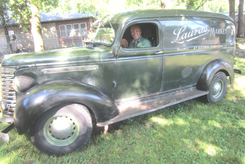 Paul, a local resident and old car enthusiast, had only heard rumors of the stored delivery panel truck. One day he found a family member with access to the garage and he asked if he could see the panel truck. He could not believe his eyes! It was just like when parked there in the 1950’s. The store logos were still readable on the sides and a few unopened grocery items remained inside undelivered. The log book in the glove box showed the last delivery in 1951 as well as addresses of many regular customers in the neighborhood.
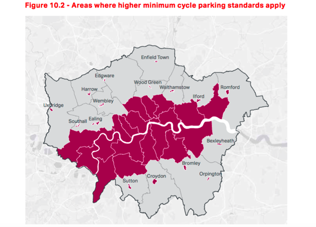 The only road-users who will get new parking are the ones riding bicycles: The plan calls for raised minimum bike space requirements for businesses and a new zone flanking most of the Thames’ banks where even higher minimums will be required for new construction.
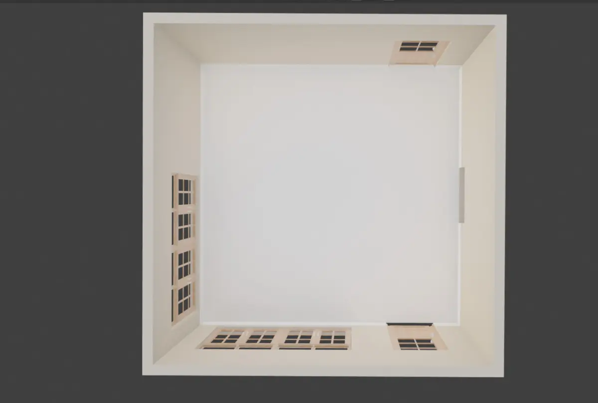 This is a high-quality, realistic 3D model of a modern minimalist bedroom interior designed for architectural visualization, virtual staging, games, and animation. The design features clean lines, neutral tones, and a simple layout that reflects contemporary style and functionality.
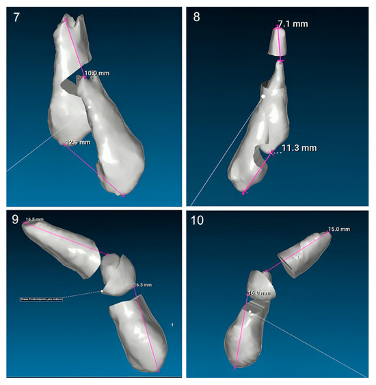 The previous models of the initial and final canines were isolated and saved as separate STL files. Displacement measurements of the cusp and apex were then performed using the RealGUIDE 5.3® software (Figure 9). All evaluations and measurements were performed in a blinded manner, with the primary evaluator unaware of patient identities throughout the study. The entire assessment process was conducted by a single author and was continuously supervised and reviewed by a second author. A high level of agreement was consistently observed, supporting the reliability of the methodology.
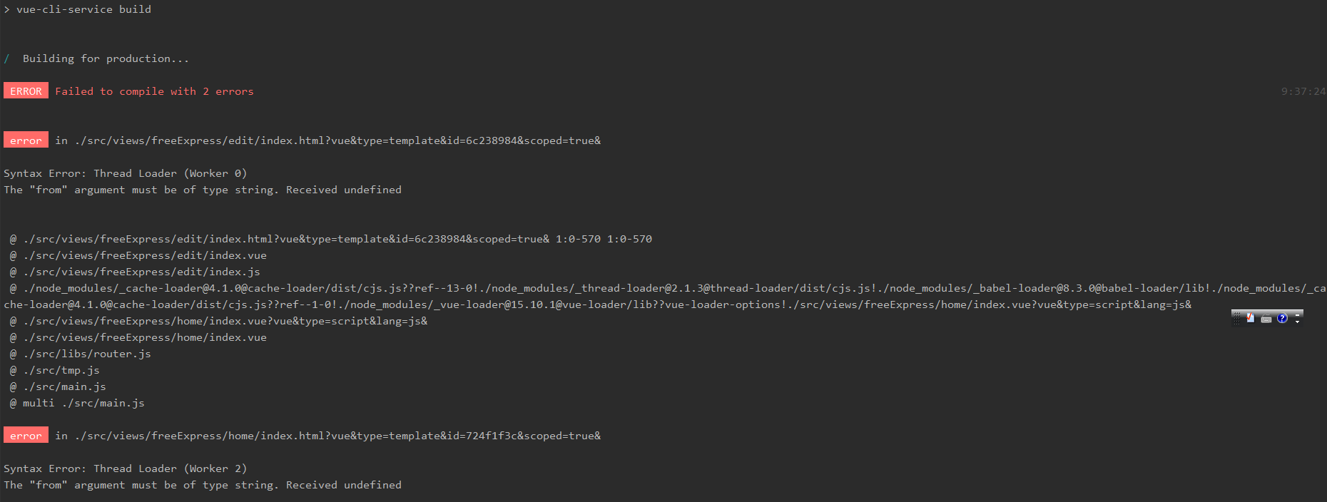 3.vue-cli: Syntax Error: Thread Loader
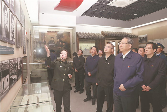 紅二十五軍于1931年10月在金寨麻埠組建,1932年11月底重建,是鄂豫皖蘇區的一支主力部隊,被譽(yù)為“長(cháng)征先鋒”。來(lái)到紅二十五軍軍政機構舊址,李錦斌、王清憲、張昌爾等在一幅幅泛黃的黑白照片中,重溫一段段刻骨銘心的革命故事。李錦斌強調,大別山區革命歷史悠久,紅色文化厚重。要充分利用好紅色資源,講述好紅色故事,教育引導廣大黨員干部從黨史中汲取持久深厚的奮斗之力,堅定不移聽(tīng)黨話(huà)、跟黨走,以身許黨許國、報黨報國。
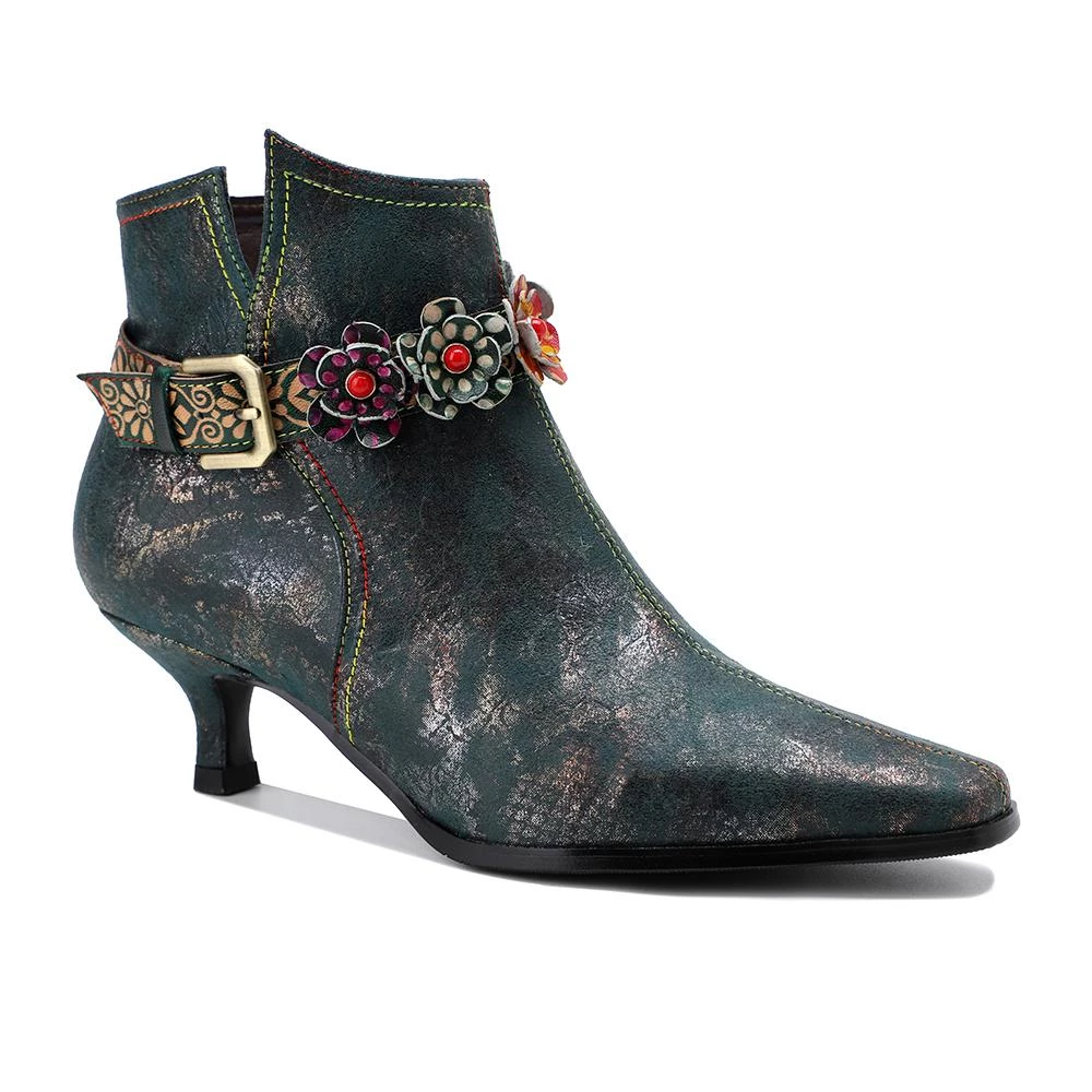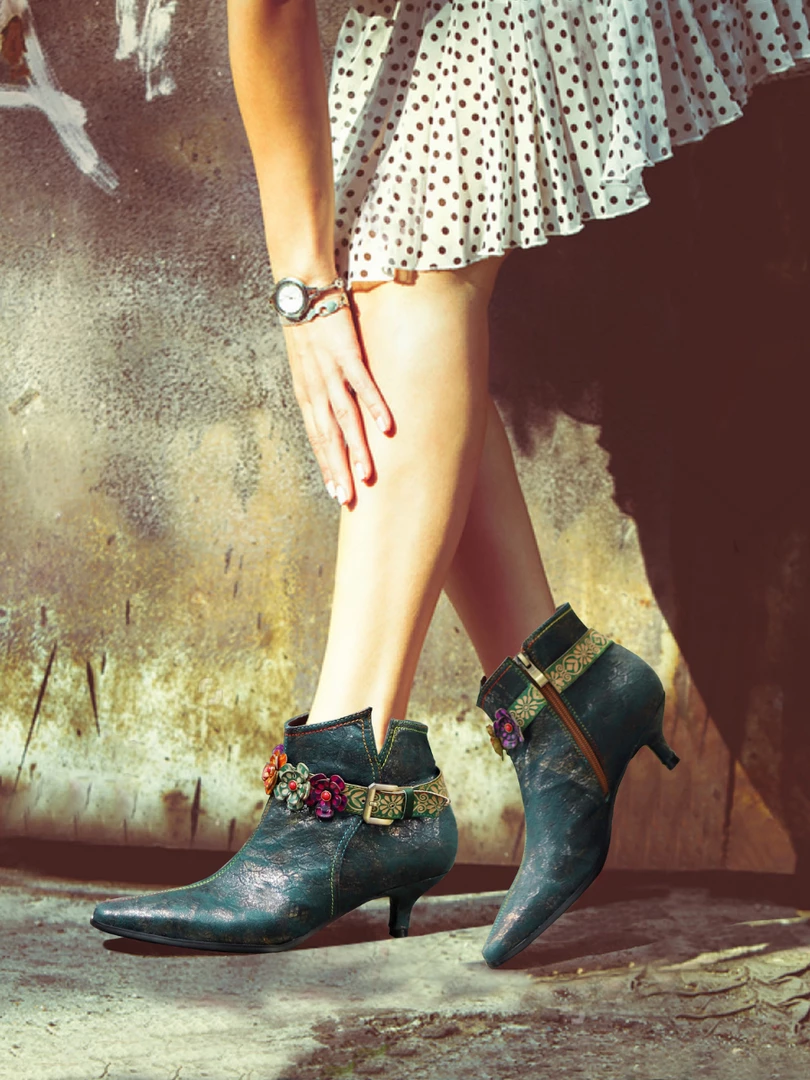 Give your footwear collection a stylish boost with this slightly-lifted bootie showing off a deep hue and floral buckle strap.
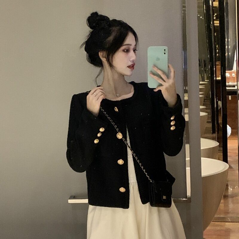 ジャケット オータムスタイルショート薄手ブラックトップス レディース ロング 秋物 萌量不足50393821336
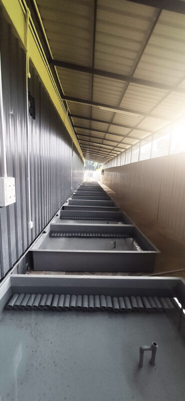 16 Nursery Ponds size 40 x 40 ft in a 0.8 hectars of land. 15 Pond maintain production and operate in a continuous.
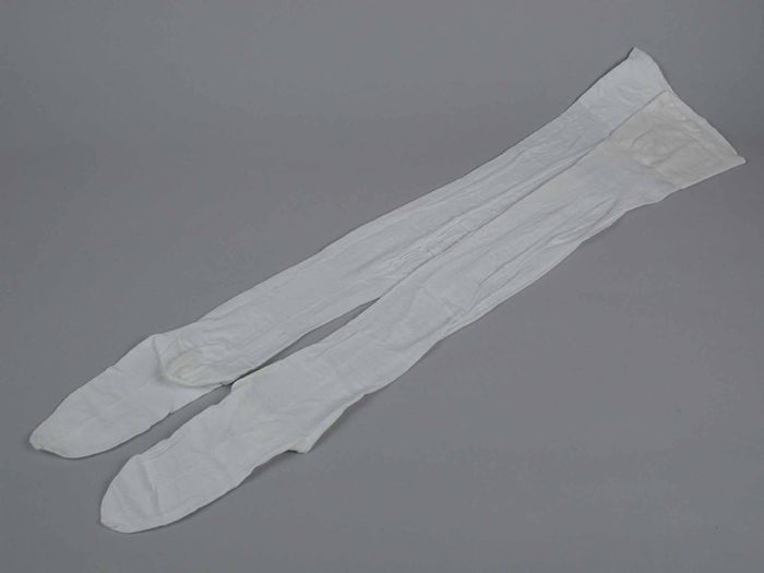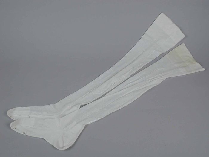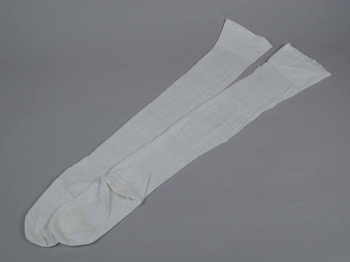 Paar lange kousen van fijn wit tricot katoen
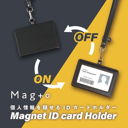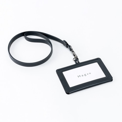 個人情報の「見せる/隠す」をワンタッチで切り替えられるIDカードホルダーです。社内やイベント会場ではカードを表示、人目が気になる移動中や休憩時はフラップを折り返すだけでカードを隠すことができます。本体と同じ色のネックストラップ付き。アジャスタークリップで長さの調節も可能です。カードの向きに合わせて選べる、ヨコ型とタテ型の2タイプをラインアップ。<ご使用上の注意>本製品にはマグネットが内蔵されています。ペースメーカーなどの体内植込型医療用電子機器を装着している方は使用しないでください。本磁気記録媒体(キャッシュカード・クレジットカード・磁気式社員証など)や精密機器(スマートフォン、パソコン、磁気式キーなど)に近づけないでください。データ消失・故障の原因となる場合があります。【検索ハッシュタグ】#ナカバヤシ#Nakabayashi#IDカードケース#横型タイプ#ジェットブラック#黒#PU素材#磁石付き#鉄パーツ#社員証入れ#名札ケース#カード収納#ビジネス用品#通勤用#シンプルデザイン#マグネット式#Mag+o#Magto#マグト#名札
★ ★ ★ ★ ★ ★ ★
REQUIREMENT. Give the lines above again exactly, from the one containing "3.vue-cli: Syntax Error: Thread Loader" to the one containing "Give your footwear", both included, but leave out the pictures.

SOLVED PROBLEM.
 3.vue-cli: Syntax Error: Thread Loader
 紅二十五軍于1931年10月在金寨麻埠組建,1932年11月底重建,是鄂豫皖蘇區的一支主力部隊,被譽(yù)為“長(cháng)征先鋒”。來(lái)到紅二十五軍軍政機構舊址,李錦斌、王清憲、張昌爾等在一幅幅泛黃的黑白照片中,重溫一段段刻骨銘心的革命故事。李錦斌強調,大別山區革命歷史悠久,紅色文化厚重。要充分利用好紅色資源,講述好紅色故事,教育引導廣大黨員干部從黨史中汲取持久深厚的奮斗之力,堅定不移聽(tīng)黨話(huà)、跟黨走,以身許黨許國、報黨報國。
 Give your footwear collection a stylish boost with this slightly-lifted bootie showing off a deep hue and floral buckle strap.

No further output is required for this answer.